#### Available data:
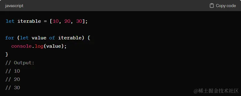 for...of 循环用于迭代可迭代对象(iterable objects),比如数组、字符串、Set、Map 等。它会遍历对象中可迭代的属性值。
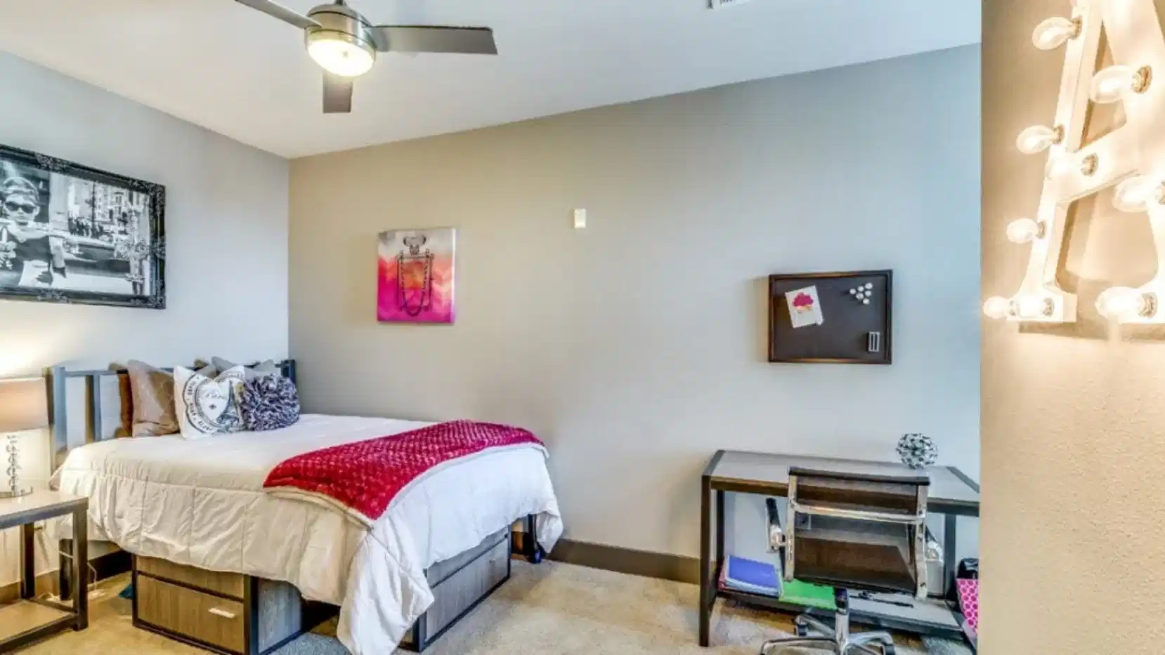 Private rooms in Columbia MO student apartments typically include a bed, study desk, and sometimes a private bathroom.
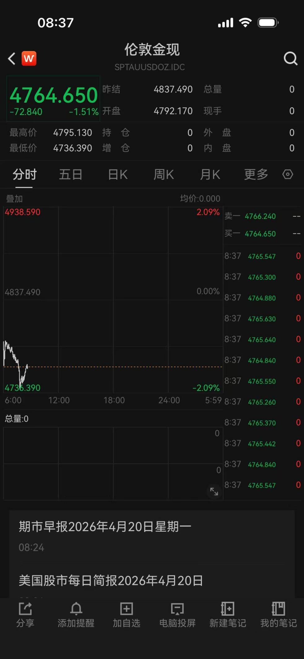 4月20日早盘,国际金价大幅低开,最低触及4736美元/盎司附近,截至发稿时,仍然大跌1.51%,交投于4764.650美元/盎司。
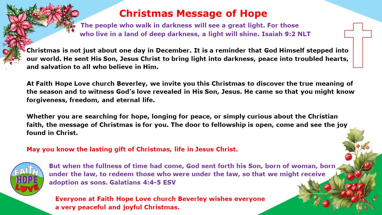 Faith Hope Love church Beverley is an independent church walking in obedience to Jesus Christ, not the traditions of man.
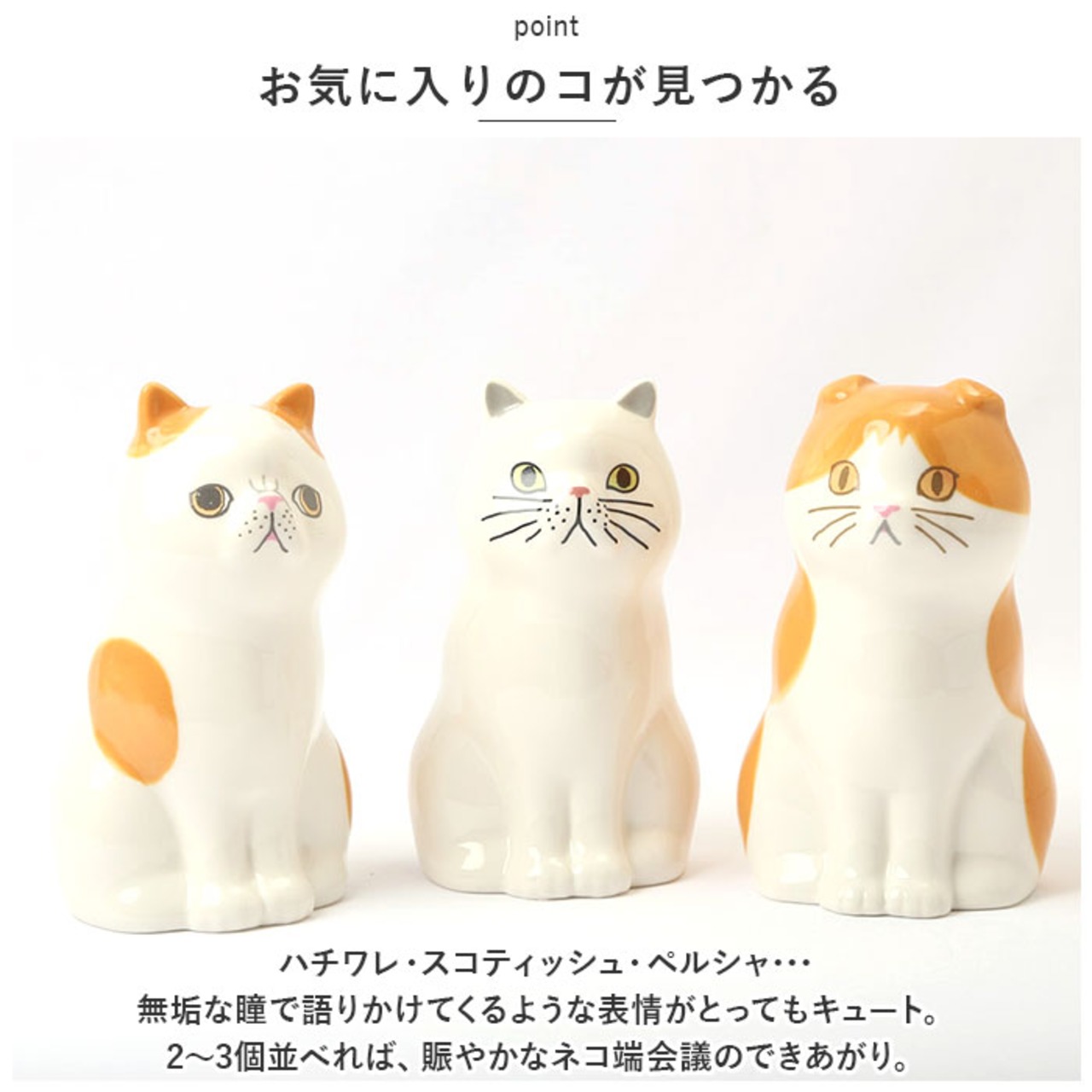 ・ハチワレ・スコティッシュ・ペルシャ・・・無垢な瞳で語りかけてくるような表情がとってもキュート。2〜3個並べれば、賑やかなネコ端会議のできあがり。
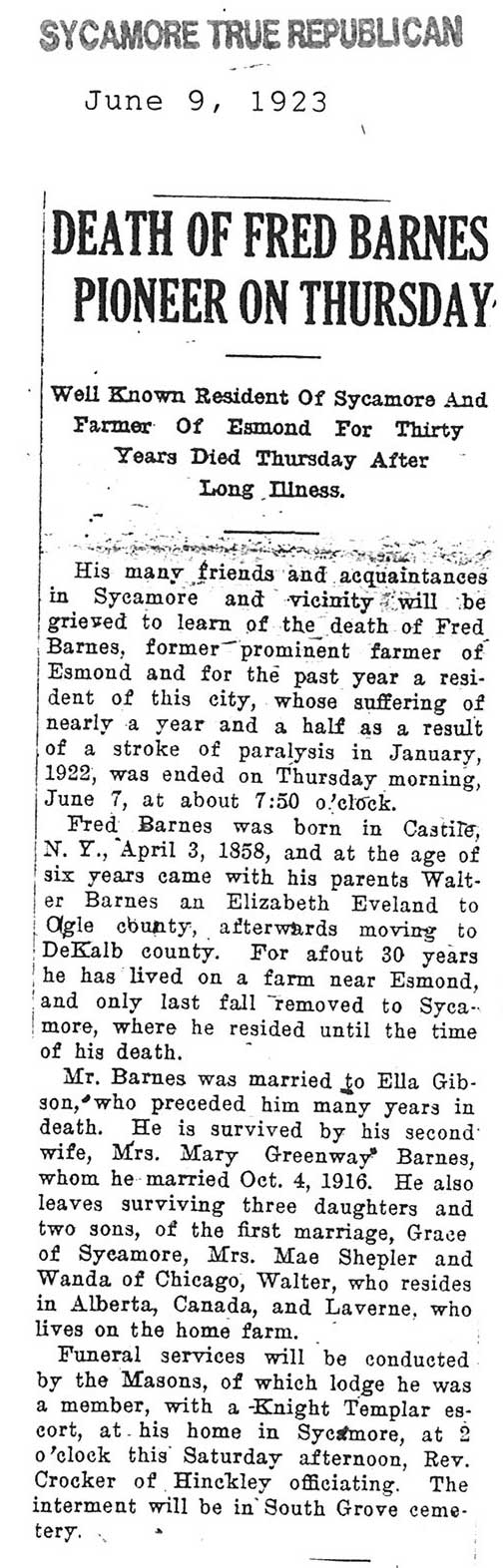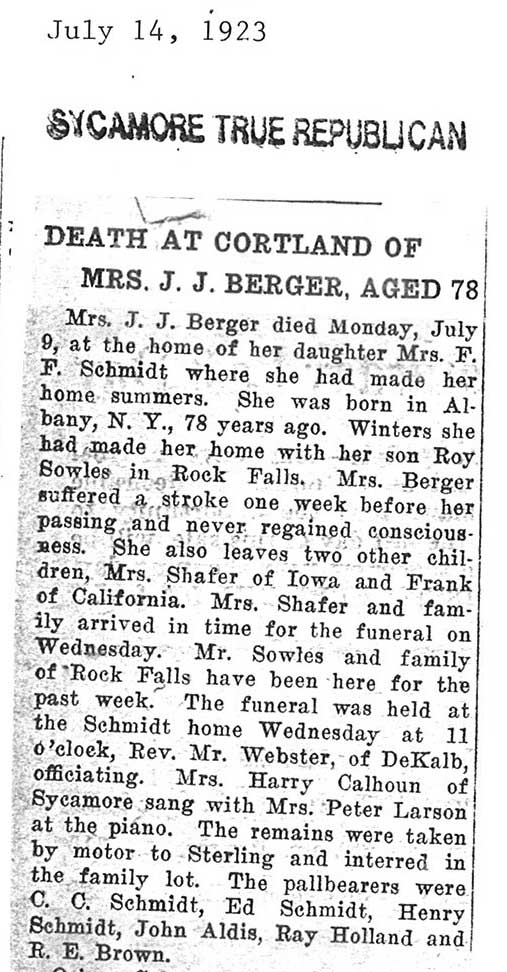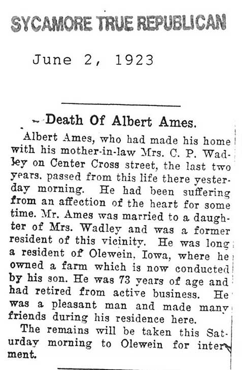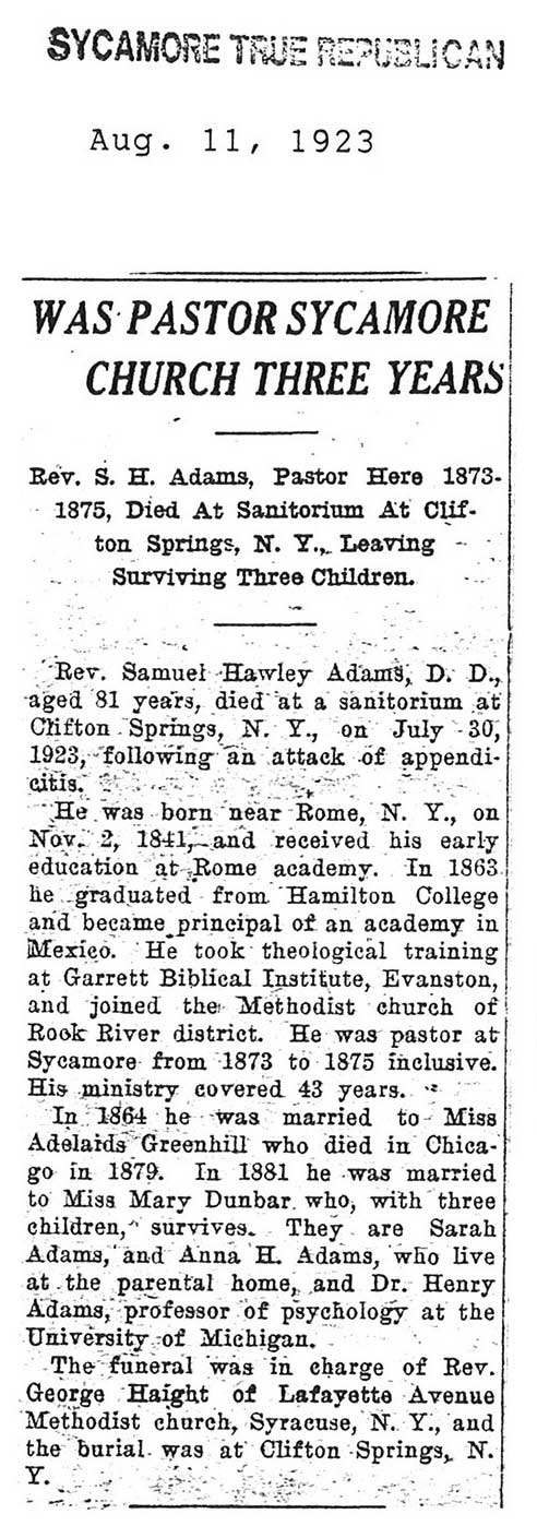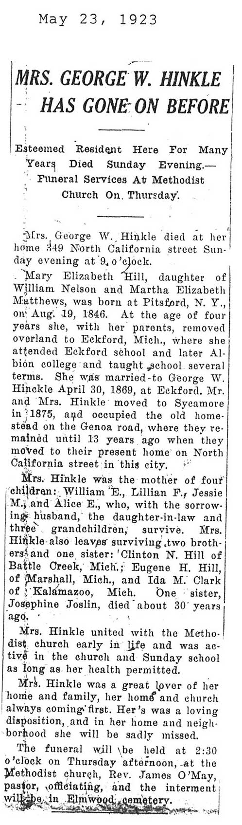 Died in New York and services took place in Almond, New York
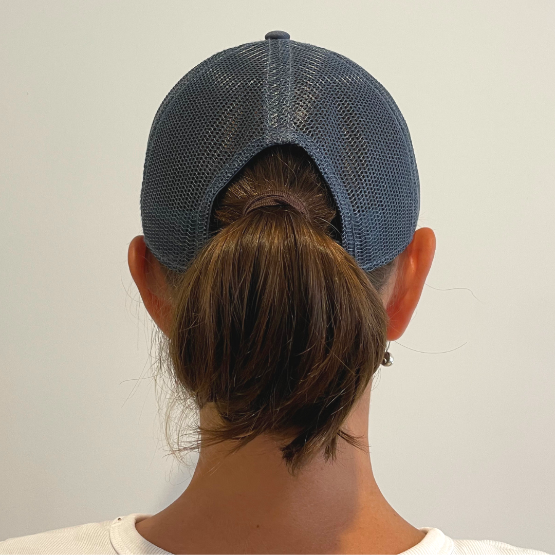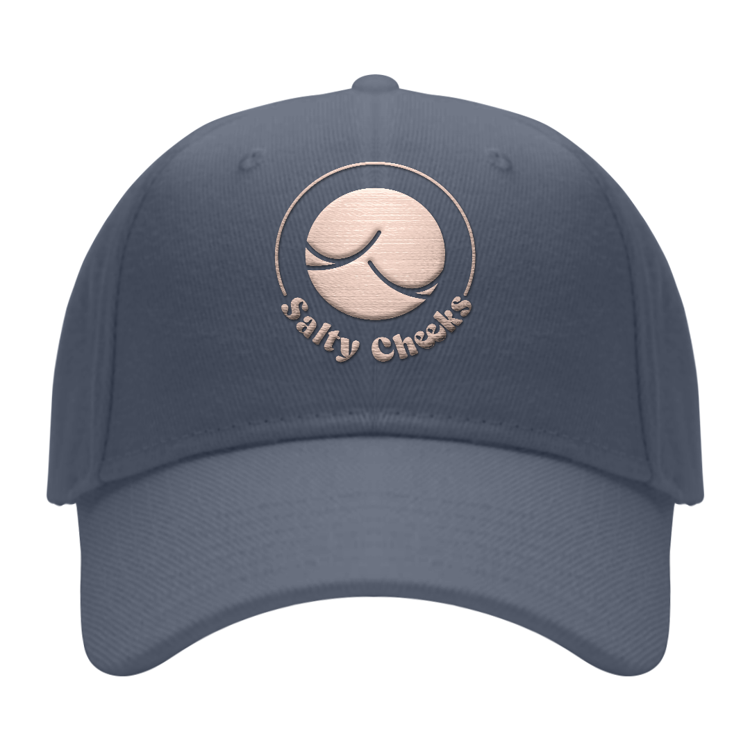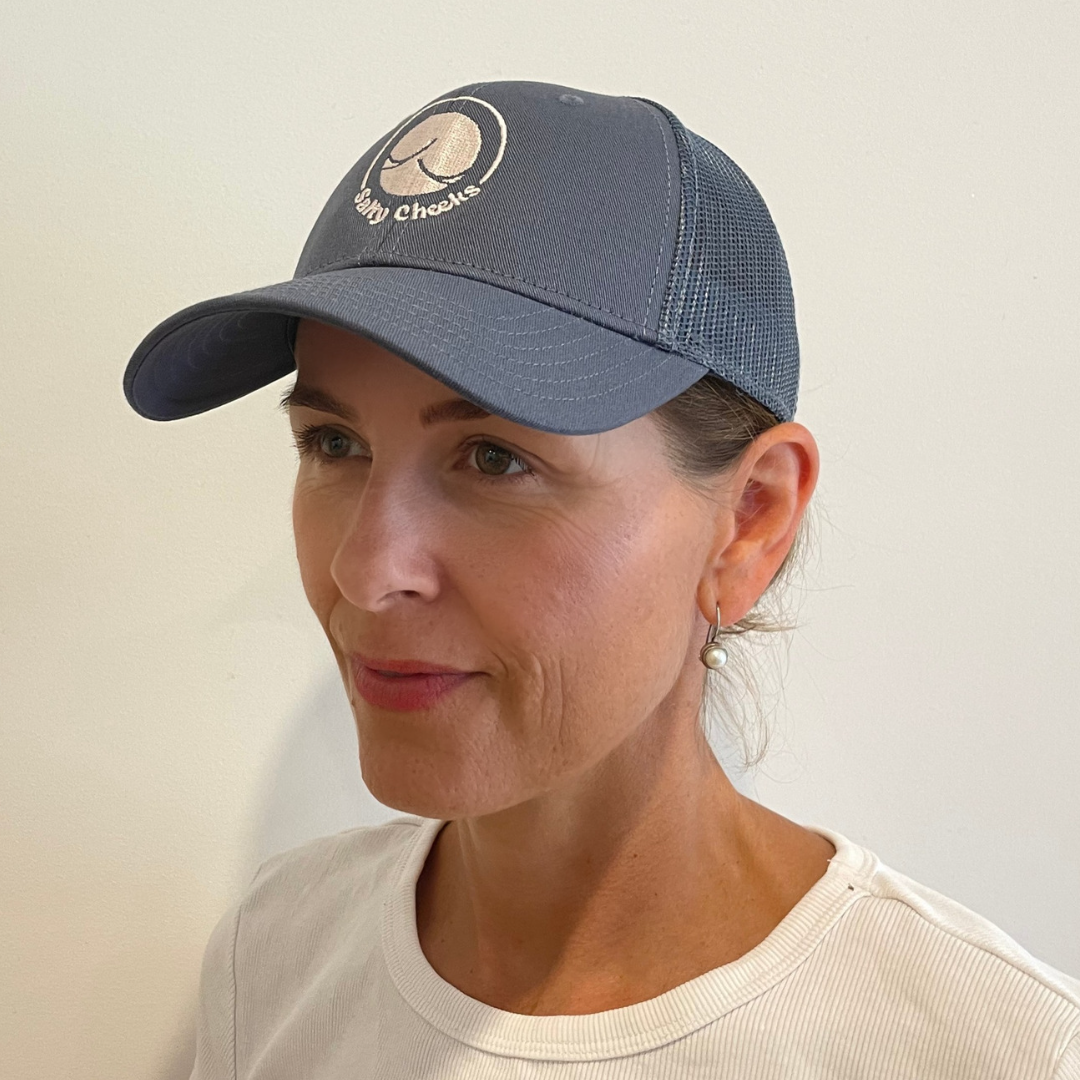 Salty Cheeks Trucker Cap - 100% cotton front and a firm pre-curved peak with breathable polyester mesh back at the rear. This is a lower profile trucker cap, perfect for those with a smaller head. It has an adjustable rear snap-closure so you can get the perfect fit and a ponytail opening for extra comfort. Keep your salty hair under control and look super-stylish when you get off the water.

#### Directions:
Take the material above from its first line through the line holding "Died in New" and set it down exactly, without the pictures.

#### Answer to this task:
 for...of 循环用于迭代可迭代对象(iterable objects),比如数组、字符串、Set、Map 等。它会遍历对象中可迭代的属性值。
 Private rooms in Columbia MO student apartments typically include a bed, study desk, and sometimes a private bathroom.
 4月20日早盘,国际金价大幅低开,最低触及4736美元/盎司附近,截至发稿时,仍然大跌1.51%,交投于4764.650美元/盎司。
 Faith Hope Love church Beverley is an independent church walking in obedience to Jesus Christ, not the traditions of man.
 ・ハチワレ・スコティッシュ・ペルシャ・・・無垢な瞳で語りかけてくるような表情がとってもキュート。2〜3個並べれば、賑やかなネコ端会議のできあがり。
 Died in New York and services took place in Almond, New York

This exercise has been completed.